Merci pour vos réponses!

C'est en effet "soundcore.ko" je pense car en décochant tout et en recompilant, ca fonctionne parfaitement!

Edit : par contre, lorsque je lance "kmix" j'ai un "Mixer cannot be found"

----------

## billiob

Normal, kmix fonctionne (je pense) sur les mixers alsa.

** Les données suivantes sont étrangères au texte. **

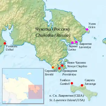 Além disso, a linguagem Eskimo Sireniki, chamada Uqeghllistun localmente, era uma língua falada na Sibéria que tinha muitas peculiaridades. Às vezes, é classificada como não pertencente ao ramo Yupik, formando assim (por si só) um terceiro ramo autônomo das línguas Eskimo (ao lado de Inuit e Yupik). [9][11] Its peculiarities may be the result of a supposed long isolation from other Eskimo groups in the past.[12]
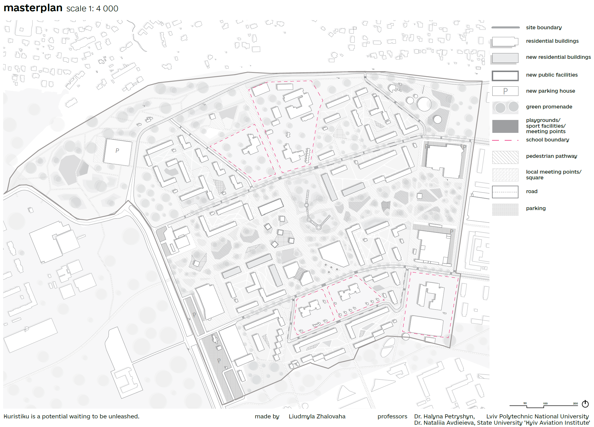 Kuristiku Garden is a regeneration project that repositions a Soviet-era microdistrict as a people-oriented, landscape-driven urban system. Its central goal is to transform car-dominated open space into a coherent framework where green infrastructure, public life, and sustainable mobility reinforce one another. The project establishes a clear spatial identity by prioritizing continuous green networks, active public spaces, and integrated mobility over fragmented lawns and surface parking. By aligning ecological corridors with pedestrian movement and future public transport, Kuristiku Garden reconnects the district both internally and to the wider city. Ultimately, the project aims to demonstrate how post-socialist residential areas can evolve into resilient, inclusive, and climate-responsive urban environments, shifting the focus from isolated housing estates to connected, living neighborhoods embedded within Tallinn’s metropolitan structure.
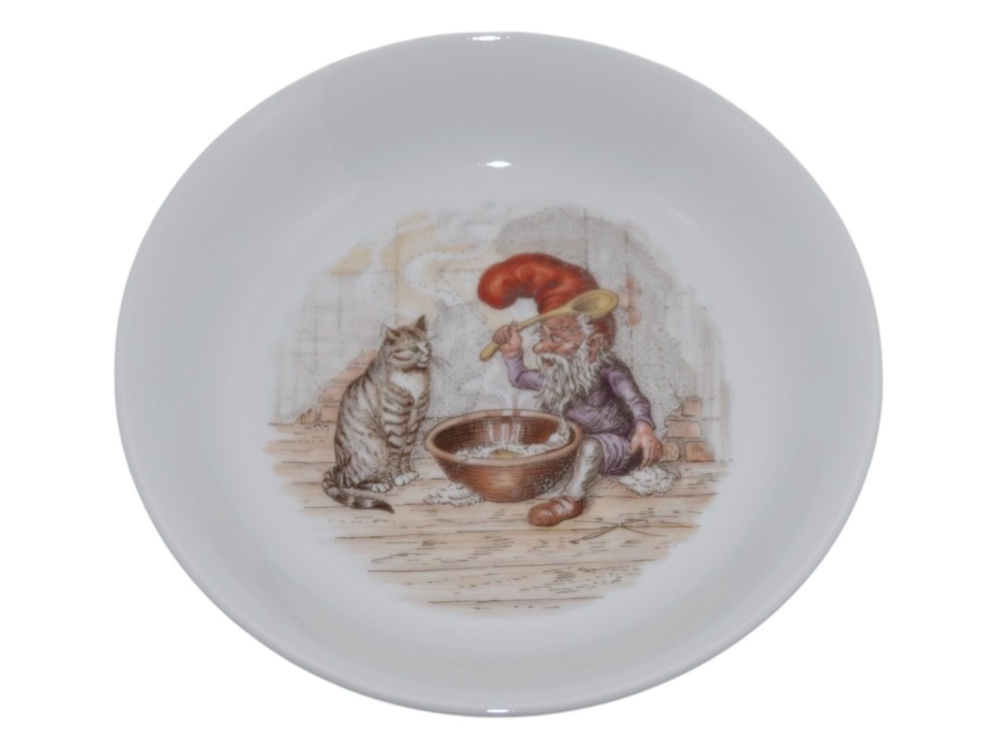 Royal Copenhagen julestel, asiet med julenisse og kat.1. sortering.
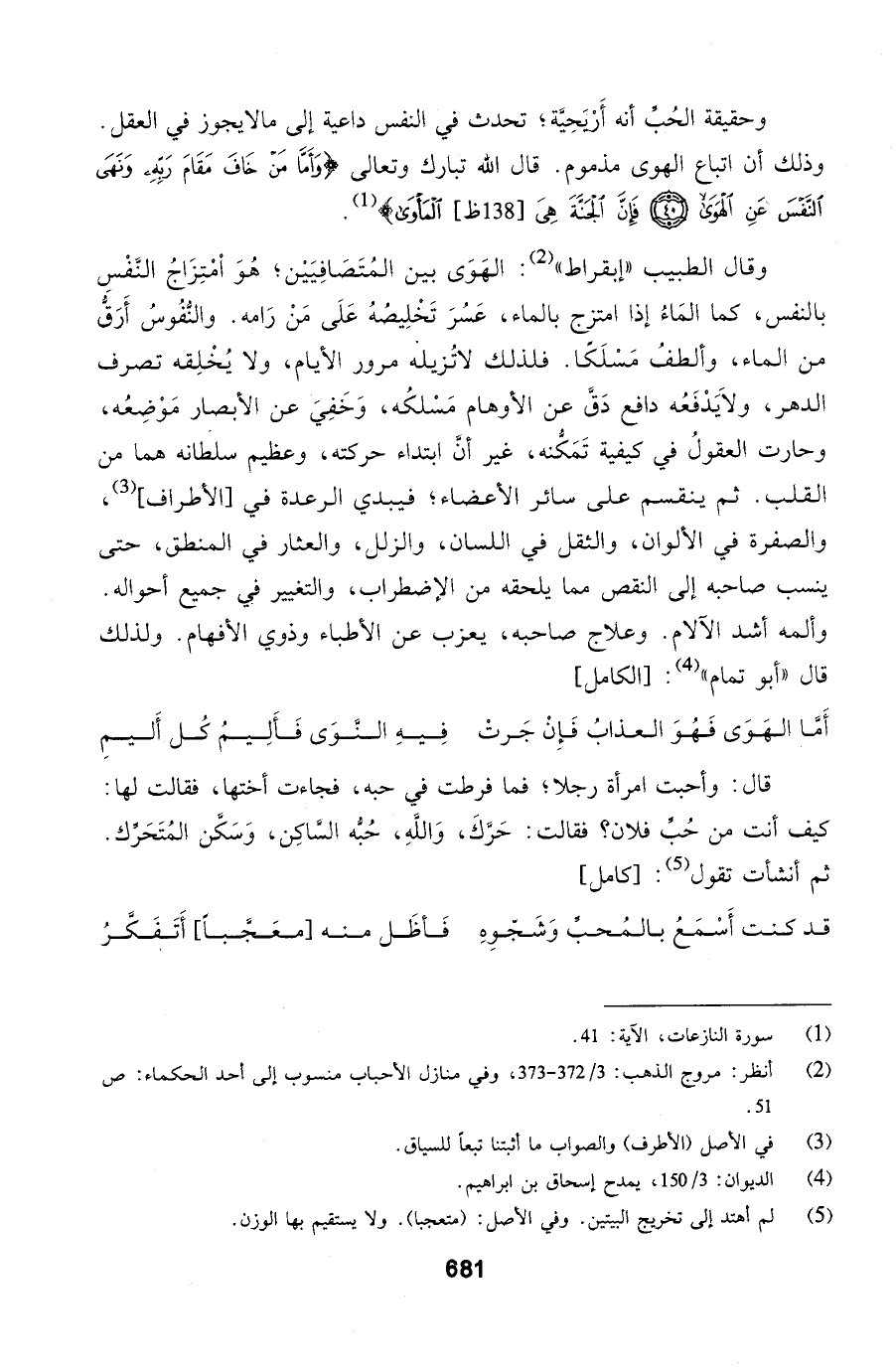 وقال الطبيب إبقراط: الهَوَى بين المُتَصَافِيَيْن؛ هُوَ اْمْتِزَاجُ النَّفْسِ بالنفس، كما المَاءُ إذا امتزج بالماء،

Tu peux utiliser ossmix ou ossxmix.

----------

## ghoti

 *billiob wrote:*   

> Normal, kmix fonctionne (je pense) sur les mixers alsa.

 

Presque !  :Wink: 

kmix ==> aRts

kamix ==> alsa

----------

## amroth

Ah ok! Normal que ca marche pas....!

Merci!

----------

## guilc

 *ghoti wrote:*   

>  *billiob wrote:*   Normal, kmix fonctionne (je pense) sur les mixers alsa. 
> 
> Presque ! 
> 
> kmix ==> aRts
> ...

 

Heu, non non, kmix marche très bien avec alsa.

Il marche aussi avec oss, mais ancienne API (v3), donc plutôt très mal avec ossv4 et sa nouvelle gestion des mixers. Par contre, j'ai vu trainer sur kdeapps un patch pour gérer un peu mieux ossv4...

Non, en fait c pas sur kdeapps, c'est sur le forum de 4front : http://www.4front-tech.com/forum/viewtopic.php?p=9692

----------

## amroth

Ok pour l'info, mais finallement je ne vais pas installer kmix, ossxmix m'a l'air très bien   :Very Happy:  !

----------